To minimize the risk of sprawl, in general, establish proper visibility into your cloud environment with infrastructure and application monitoring and management tools. Set up company policies on how and when to decommission cloud resources that are no longer needed. Use automated provisioning to shut down old workloads.

In addition to cloud policies, carefully monitor cloud bills and contracts to identify if your organization is paying for cloud services that are no longer in use.

6. Cache storage strategically

Some public cloud providers offer memory-based caching services, such as AWS ElastiCache. Caching moves important or frequently accessed data in-memory and closer to the compute instance, rather than having to retrieve data from storage instances. This can improve the performance of some applications and reduce the expense of higher-tier cloud storage -- especially when performance-sensitive workloads are run in remote regions or when efficient replication is needed for resilience. By comparison, Google Cloud Storage allows users to specify where storage buckets are geographically stored.

7. Run workloads where the computing is cheaper

Peak times and compute demands affect cloud pricing. Moving workloads to and from certain geographic service areas -- such as regions -- where demands and prices are lower can reduce cloud costs. As long as common storage services can support each location, the workload will only see a latency difference between service areas. Security and regulatory compliance requirements, however, may prohibit workloads from running in certain regions.

Cost management and control is often a core part of an organization's multi-cloud strategy as well. In some cases, an organization might deploy some workloads, or perform certain tasks -- such as software test and development -- on an entirely different cloud platform when cost benefits dictate.

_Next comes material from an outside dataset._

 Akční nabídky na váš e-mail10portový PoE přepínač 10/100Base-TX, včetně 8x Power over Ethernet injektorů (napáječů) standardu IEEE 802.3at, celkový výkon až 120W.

8. Restrict access to the cloud

A central appeal of the public cloud is its self-service nature. Businesses routinely allow individual users and stakeholders to access the cloud to provision, deploy, monitor and troubleshoot workloads. Such open access can be convenient, but it can also drive unexpected, unplanned and, sometimes, unnecessary costs.

To reduce costs, some organizations limit cloud access to users with experience in cloud cost management, such as cloud architects and engineers. These cloud professionals are familiar with providers' offerings and cost structures and can design a cloud infrastructure that provides solid performance -- while limiting spend. The IT staff responsible for cloud use should determine the most appropriate cost control tactics for their organization.